Surprise, surprise. The PPO performs the Grieg Piano Concerto tonight, with Albert Tiu as featured soloist. From past PPO blurbs I thought the programme would be limited to operatic, uhm, "Shakespearean" arias (Will the Soprano sing that famous Verdi Macbeth aria?). There was no mention of a concerto of any kind.

Last time I heard Tiu play, it was the Rachmaninoff Third Piano Concerto.

(Whoa, I haven't blogged in a very long time. I'll be posting my thoughts on the Cayabyab Violin Concerto soon.)

15 November 2012

brahms after tension

Had a stressful commute on the way to worknasty drivers (why can't they obey traffic rules and be considerate to the other motorists?), passengers fighting with each other and with the drivers, the usual traffic at Espanyaand so I decided to listen to Brahms as soon as I got to the office.


Which probably isn't the way to relax. The man is not exactly easy listening.

I know of at least two people who has Brahms as their favorite composer: critic Alex Ross, and Condoleezza Rice (who needs no title). Asked about her passion for Brahms, Rice replied that his music was "passionate without being sentimental"to which the cellist Yoyo Ma quipped, "Do you also think it's this irresolution in Brahms, the tension that is never resolved?" (Link to the Newsweek/Evan Thomas article here.)

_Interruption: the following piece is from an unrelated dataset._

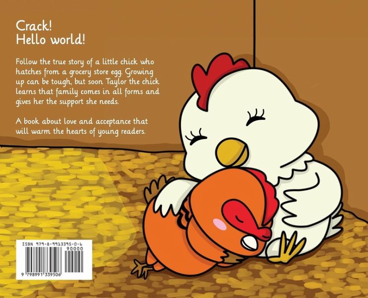 Crack! Hello world! Follow the true story of a little chick who hatches from a grocery store egg. Growing up can be tough, but soon Taylor the chick learns that family comes in all forms and gives her the support she needs. A book about love and acceptance that will warm the hearts of young readers.

I'm still debating whether I should attend the PPO's performance of his Second Symphony this coming Friday.

11 November 2012

11/11/12

Haven't done this in a long time, listening to Artur Rubinstein play Chopin, alone in my room, dark with a lone candle burning.

07 November 2012

so happy!

Photo grab from the Philippine Daily Inquirer, courtesy of the Agence France Presse
I know he's not my president. But I admire the man greatly. He's made me less cynical. He inspires me. Kudos to the Americans!